Hemodynamic Frontiers in Heart Failure Registry

The purpose of the HF2 (Hemodynamic Frontiers in Heart Failure) registry is to collect relevant patient-level demographic, clinical, laboratory, and hemodynamic data from patients implanted with pulmonary artery pressure sensor at participating centers to advance scientific knowledge about ambulatory hemodynamics monitoring and HF (Heart Failure) therapies.

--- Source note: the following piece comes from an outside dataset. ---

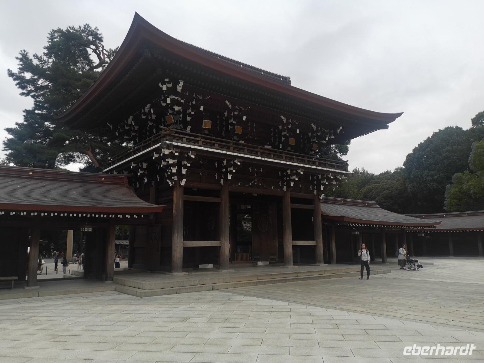 Wir beenden unser Tagesprogramm schließlich am frühen Nachmittag hier am Schrein. Einige nutzen die freie Zeit um durch Tokyos Einkaufstraßen zu bummeln und erste Einkäufe zu tätigen, andere kehren in unser Hotel zurück um sich vom Jetlag zu erholen.

The data collected will be used for retrospective studies, quality improvement, identifying research cohorts, and member-initiated research.

Study Overview

• Status: Recruiting
• Conditions: Heart Failure
• Intervention / Treatment: Device: Observational

Detailed Description

Longitudinal, multi-center, and non-interventional registry. Patients will be identified as eligible for pulmonary artery pressure sensor implant by a heart failure cardiologist from the heart failure clinic. They will consent for device implant and procedure (right heart catheterization) per standard of care. Patients may also consent to the registry participation, which is optional. They will be informed that the registry intends to gather data and that they may be approached in the future for additional research based on their data and clinical situation. Additionally, patients who underwent pulmonary artery pressure sensor implantation from January 1, 2019, will be identified and consent will be obtained for registry participation, which is optional.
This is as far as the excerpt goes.